I served them in the dining room. I didn't look at Cassius. I couldn't. I placed the bowls down and retreated to the shadows by the kitchen door.
Liana took a bite. She chewed slowly, her eyes locking onto mine. Then, she dropped her spoon.
It clattered loudly against the china. Liana gasped, her hands flying to her throat. Her face flushed a violent, blotchy red.
"Cassius..." she wheezed, sliding out of her chair. "My throat... it burns..."
Cassius was on his feet instantly, catching her before she hit the floor. "Liana? What is it?"
"She..." Liana pointed a trembling finger at me, choking out a sob. "She knows... about the oil... she put something in it..."
Cassius turned to me. The look on his face wasn't just anger anymore. It was the look of a man staring at a monster.

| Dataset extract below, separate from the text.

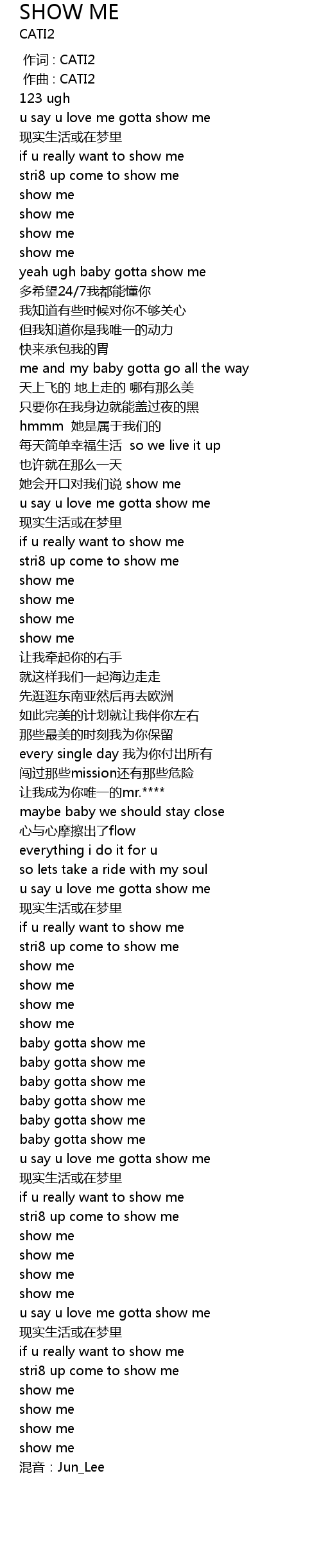 | [01:15.613] | tā huì kāi kǒu duì wǒ men shuō show me |
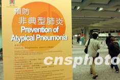近日,香港“非典”疫情逐漸趨于穩(wěn)定,香港機場管理局仍嚴格執(zhí)行各項預(yù)防“非典”措施,圖為機場隨處可見醒目的預(yù)防“非典”標語。中新社傳真 錢興強 攝

"What did you do?" he roared, his voice shaking the walls. "What did you put in her food?"
"Nothing!" I stammered, backing away until my spine hit the doorframe. "It's just truffle oil and rice! I swear!"
"You're trying to kill her," he said, the realization settling over him with terrifying certainty. He scooped Liana up, her "gasps" echoing in the high ceilings. "You're trying to take her place."
"Cassius, please—"
"Don't move," he snarled. "If she doesn't make it, you won't leave this building alive."